| RAW DATA |
----------------

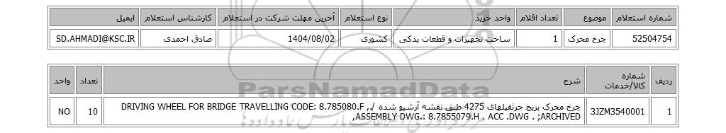| 52504754 | چرخ محرک | 1 | ساخت تجهیزات و قطعات یدکی | کشوری | 1404/08/02 | صادق احمدی | SD.AHMADI@KSC.IR |
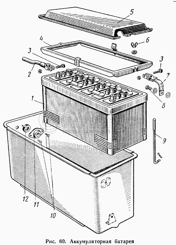 Каталог запасных частей к технике: ГАЗ-52-01. Аккумуляторная батарея
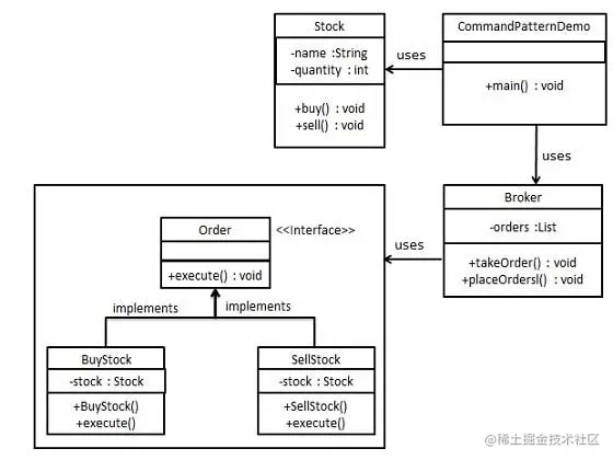 我们首先创建作为命令的接口 Order,然后创建作为请求的 Stock 类。实体命令类 BuyStock 和 SellStock,实现了 Order 接口,将执行实际的命令处理。创建作为调用对象的类 Broker,它接受订单并能下订单。

----------------

| TASK |
Omit each picture, then return all of the listing exactly as it stands.

| EXPECTED ANSWER |
| 52504754 | چرخ محرک | 1 | ساخت تجهیزات و قطعات یدکی | کشوری | 1404/08/02 | صادق احمدی | SD.AHMADI@KSC.IR |
 Каталог запасных частей к технике: ГАЗ-52-01. Аккумуляторная батарея
 我们首先创建作为命令的接口 Order,然后创建作为请求的 Stock 类。实体命令类 BuyStock 和 SellStock,实现了 Order 接口,将执行实际的命令处理。创建作为调用对象的类 Broker,它接受订单并能下订单。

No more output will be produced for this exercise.